People always say that you walk up to the starting line of a marathon as one person and cross the finish line as another. Truthfully I didn’t believe that until I wrote this post and reflected on my experience. When I finished the race I felt numb, I expected this big outpour of emotion and this huge transformation, but it just wasn’t there. I was embarrassed that I didn’t finish in the required time, but when I think about that day now I’m proud of what I did. I chose to do this race because I wanted to challenge myself. The race wasn’t easy and that’s what makes me proud. It broke me and I still managed to pull it together to finish. It took me four and a half months but I went from zero to twenty six!
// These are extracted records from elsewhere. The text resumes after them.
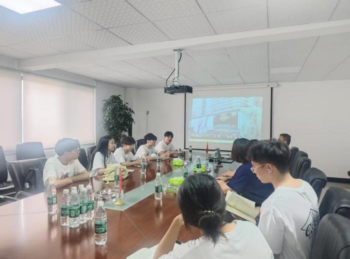 在此次实践活动中,湖南新生代生产负责人彭卫祥陪同实践团成员一道参观公司文化墙、生产车间,并开展座谈。
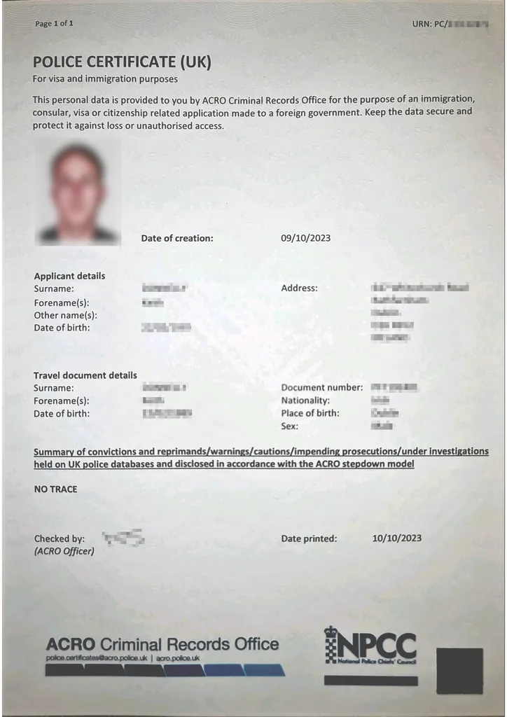 • 文件:ACRO Police Certificate(用于签证/移民),结果常见 “No Trace/No Live Trace”。
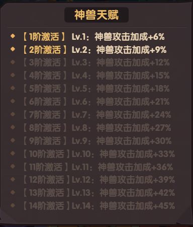- 此外每个神兽的神兽天赋偏向属性不同,推荐优先升阶攻击加成天赋的神兽,其次是生命, 最后是防御。
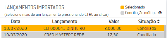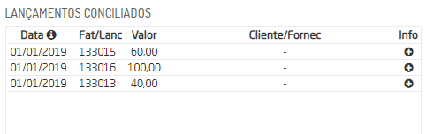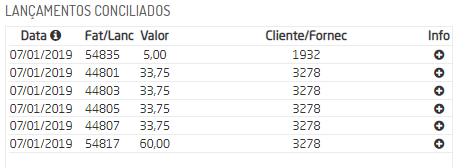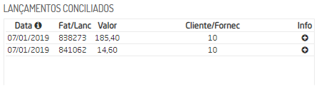 Quando não houver divergência de valores entre o extrato e o subtotal dos lançamentos a conciliação pode ser realizada e os dados dos lançamentos conciliadas poderão ser observados no quadro "Lançamentos Conciliados".
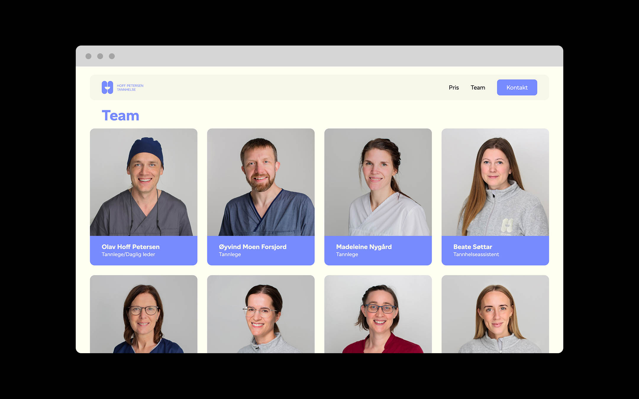 In the spring of 2023 I worked on a small visual identity for a family run dental practice in Mosjøen. Hoff Petersen Tannhelse is faced with the challenge of keeping up in a market where startup backed dental clinics are opening up all across Norway.
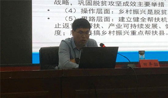 培訓(xùn)班由河南大學(xué)田豐韶教授主講,田豐韶是河南大學(xué)哲學(xué)與公共管理學(xué)院副院長(zhǎng),長(zhǎng)期從事減貧與發(fā)展、三農(nóng)工作領(lǐng)域等教學(xué)與研究工作。主持國(guó)家社科基金項(xiàng)目1項(xiàng),教育部、民政部、國(guó)家扶貧辦等省部級(jí)項(xiàng)目7項(xiàng),參與項(xiàng)目38項(xiàng)。出版專著1部,合著3本。承擔(dān)國(guó)務(wù)院扶貧辦委托課題習(xí)近平扶貧論述實(shí)踐案例研究、貧困縣摘帽案例研究(循化)、十八洞村精準(zhǔn)扶貧典型案例研究、“決勝全面小康:蘭考故事”等課題6項(xiàng),參與國(guó)務(wù)院扶貧辦及各地扶貧辦委托課題:“西藏脫貧攻堅(jiān)經(jīng)驗(yàn)總結(jié)”“蘭考精準(zhǔn)扶貧經(jīng)驗(yàn)總結(jié)”“西北區(qū)域縣、村脫貧攻堅(jiān)經(jīng)驗(yàn)總結(jié)6項(xiàng),研究報(bào)告及重大政策建議得到國(guó)家扶貧辦充分肯定。
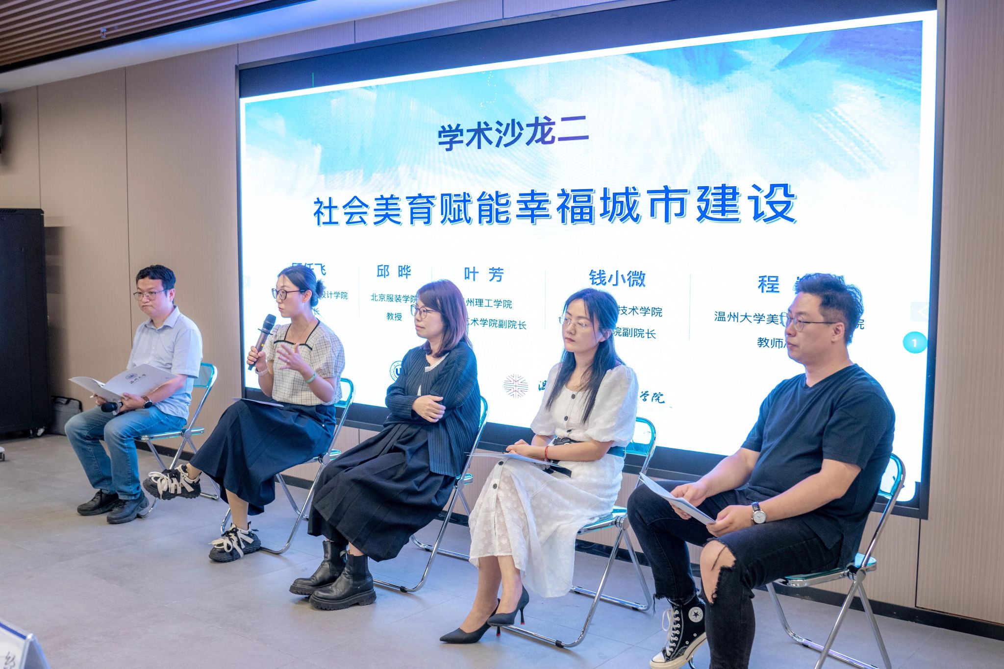 该场由KY开元集团官网入口副院长、教授顾任飞主持,北京服装学院教授邱晔,温州理工学院设计艺术学院副院长叶芳,温州职业技术学院设计学院副院长钱小微,KY开元集团官网入口教师、博士程巍围绕“社会美育赋能幸福城市建设”展开分享和讨论。
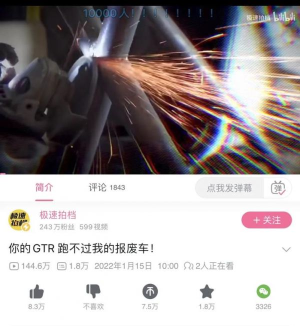 陈睿列举了两个内容分支:精品热门内容和优质垂直内容。前者即使以播放次数衡量仍旧表现突出,新的指标进一步凸显优势,相当于锦上添花;而后者则有望凭借播放分钟数实现数量级的飞跃——以UP主“极速拍档”发布的视频《你的GTR跑不过我的报废车!》为例,播放次数为144万,播放分钟数却高达2190万分钟。
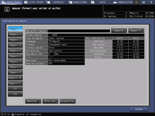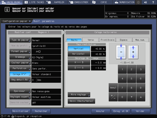 Lorsque vous effectuez le calage recto pour un papier de marque, grammage ou format nouveau, appuyez sur Enreg. et OK et passez à l'étape suivante.
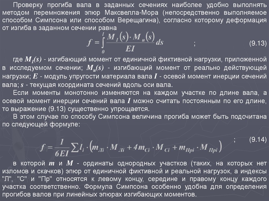 Проверку прогиба вала в заданных сечениях наиболее удобно выполнятьметодом перемножения эпюр Максвелла-Мора (непосредственно выполняемое
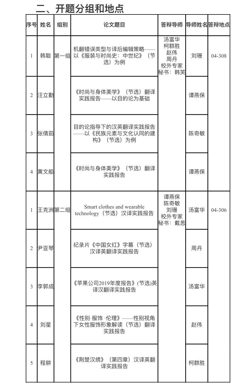 williamhill官网19级翻译硕士(MTI)专业学位研究生毕业论文开题报告会
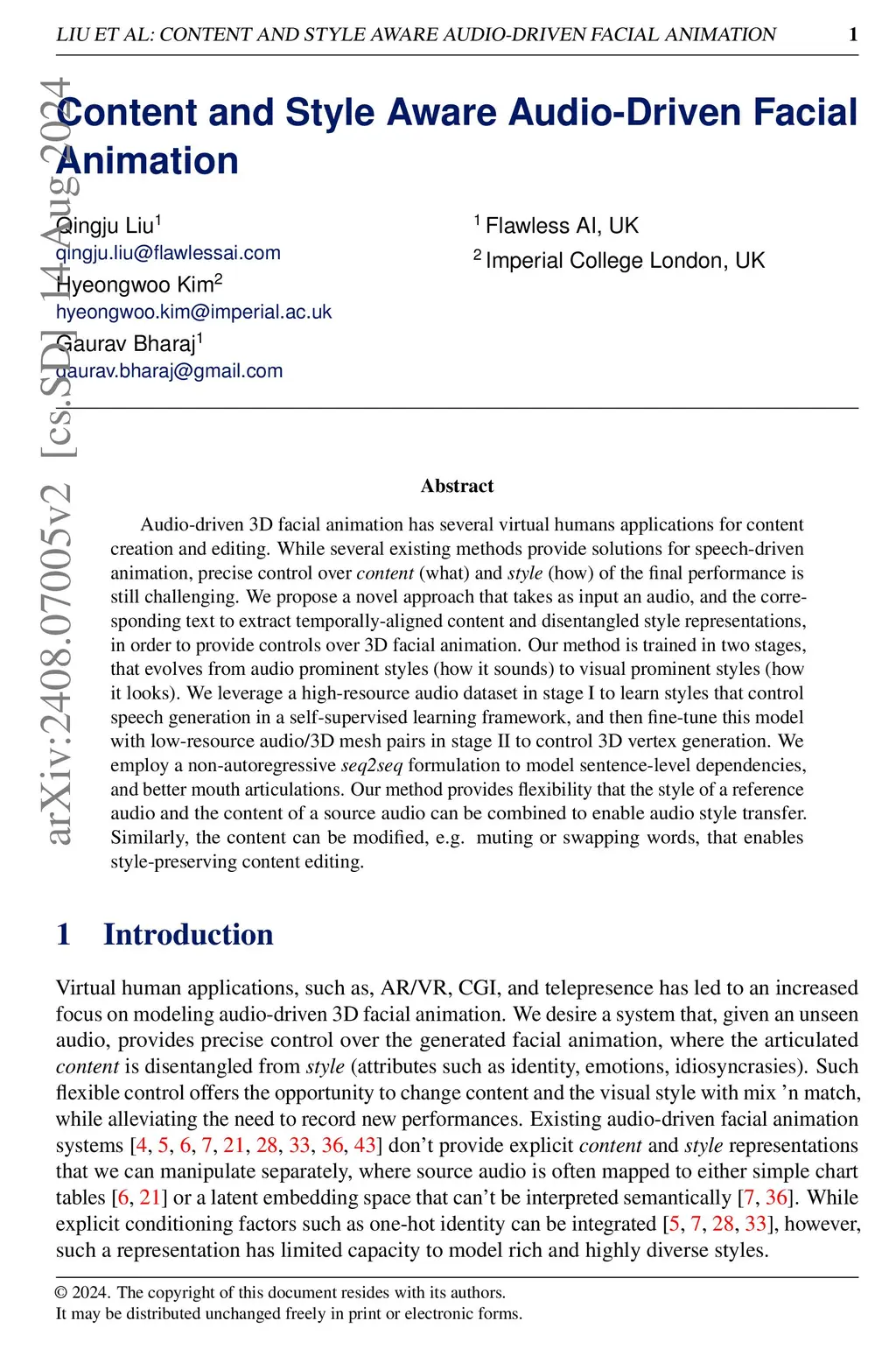 Content and Style Aware Audio-Driven Facial Animation
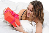 sypialnia niespodzianka obecny - młoda kobieta szczęśliwa w sypialni
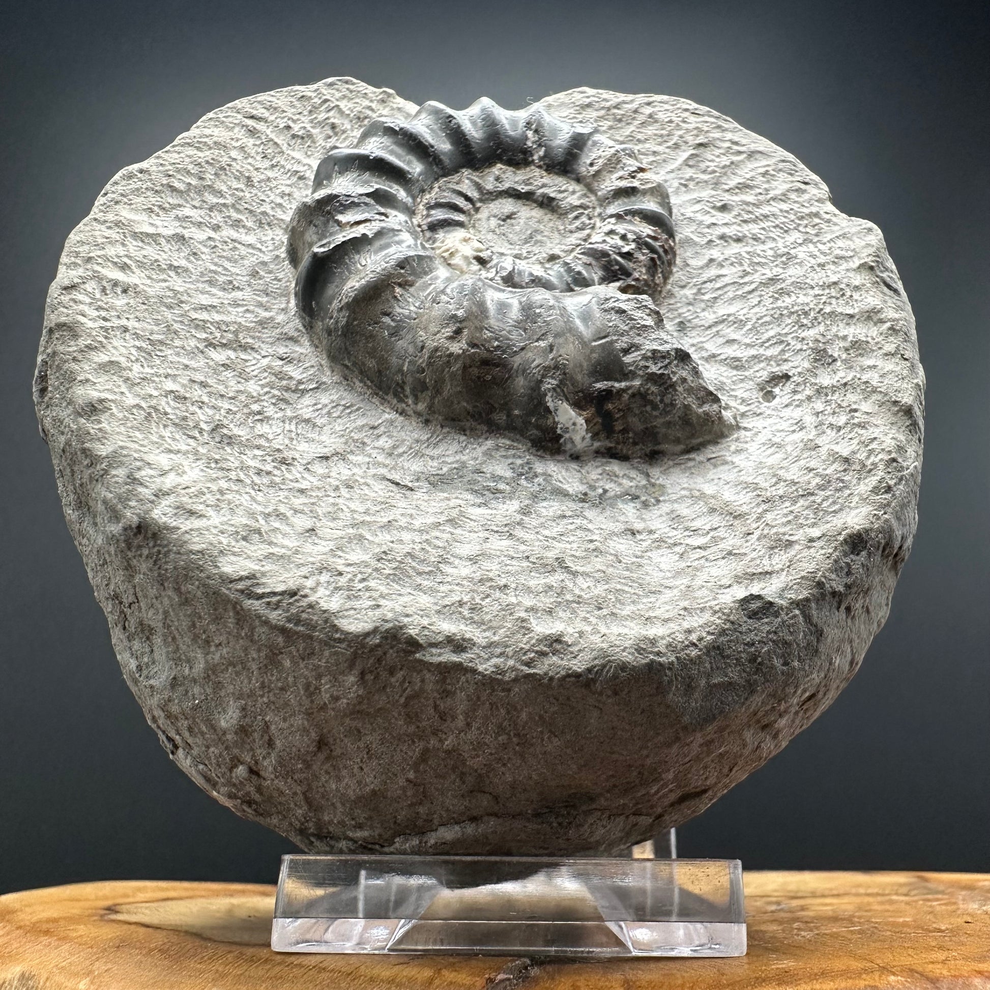 Androgynoceras maculatum ammonite fossil with box and stand - Whitby, North Yorkshire Jurassic Coast Yorkshire Fossils
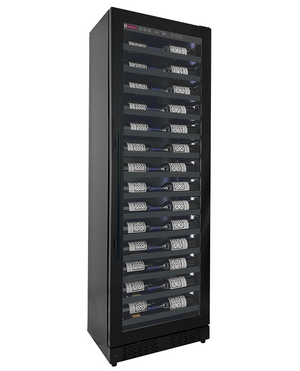 The VSW6771S-1BR stores up to 67 standard bottles behind an attractive black metal door. The specially-coated glass blocks damaging UV rays from affecting your wine. While allowing the bottles inside to be clearly seen. The lighting inside is customizable, able to be switched to one of 7 colors or set to cycle through all. Store any type of wine at their preferred temperature, and the Tru-Vino technology inside will hold the temperature steady at your chosen thermostat setting.
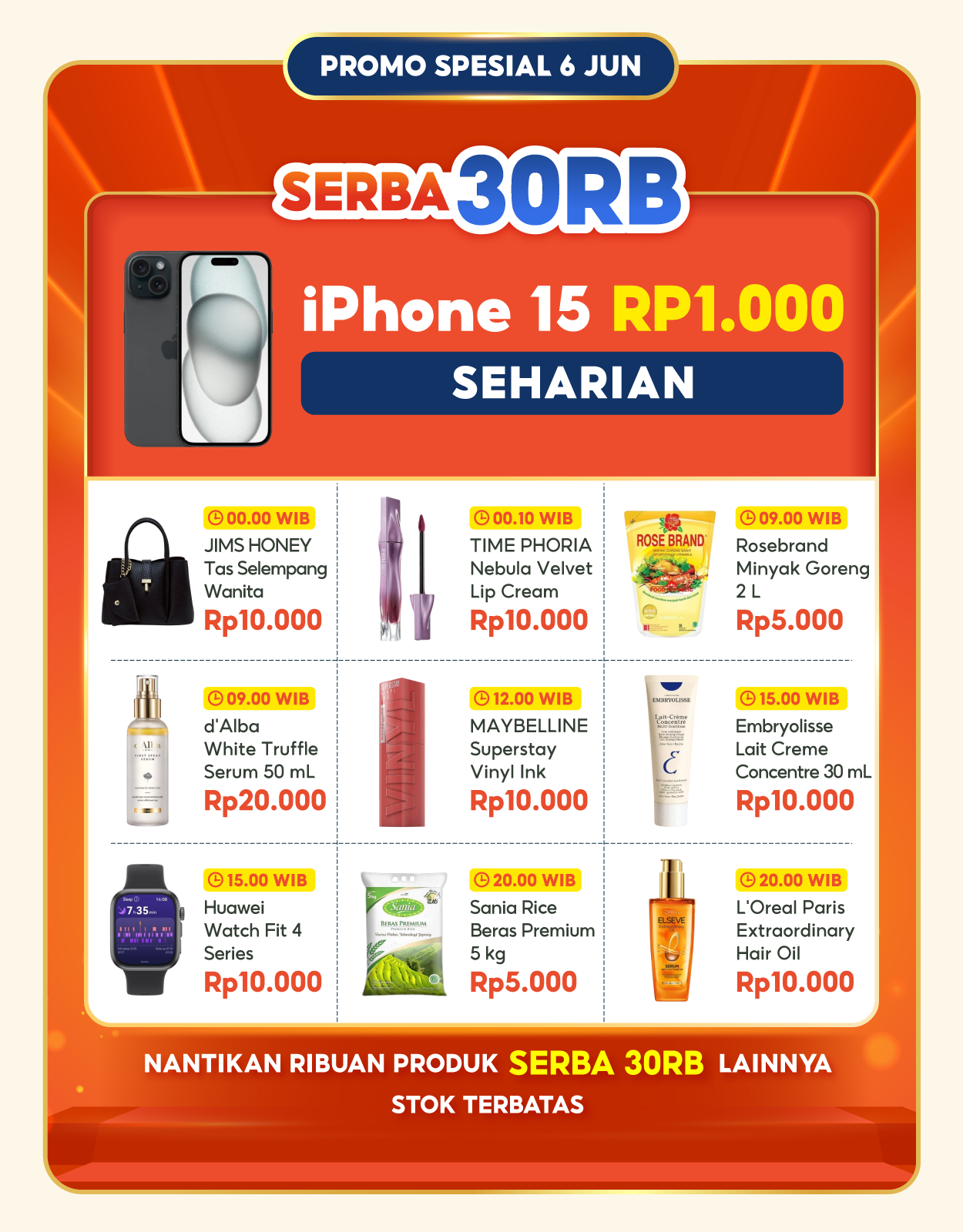 [PUNCAK 6.6] iPhone 15 Rp1.000 Seharian + Pasti Diskon 99% Buatmu
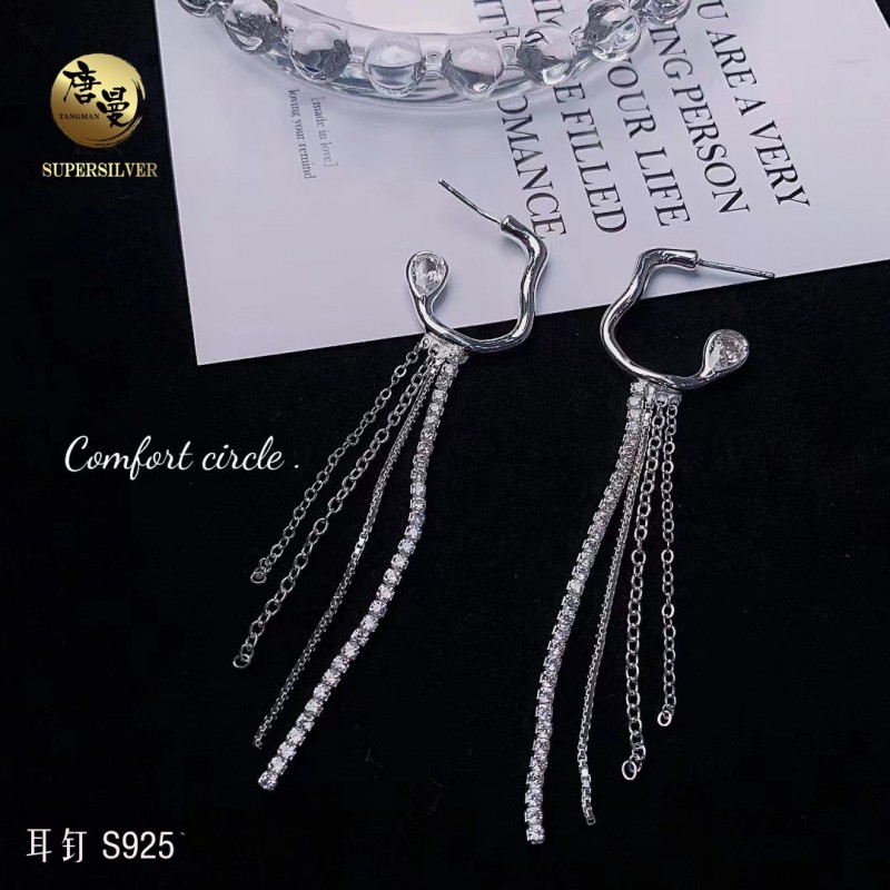 简约时尚银镀白流苏耳钉

When I finished the race I declared that I would never run another marathon. Well my exact words were “I’m never putting my body through this bullsh*t again.” I wasn’t exactly in a happy place after the finish. I then got on the bus back to the hotel and one of my teammates said I think this is more painful than giving birth. I don’t have children so I can’t compare the two. However, I’ve heard many Mothers say that the further away you get away from the labor the more you forget about the pain. Why else would women keep putting themselves through the agony of childbirth? This weekend I cheered on my teammates running in the NYC marathon and I decided...I think I want another baby, stay tuned :-)

1 comment:

  1. I am so impressed with (and proud of) what you've accomplished! You are amazing!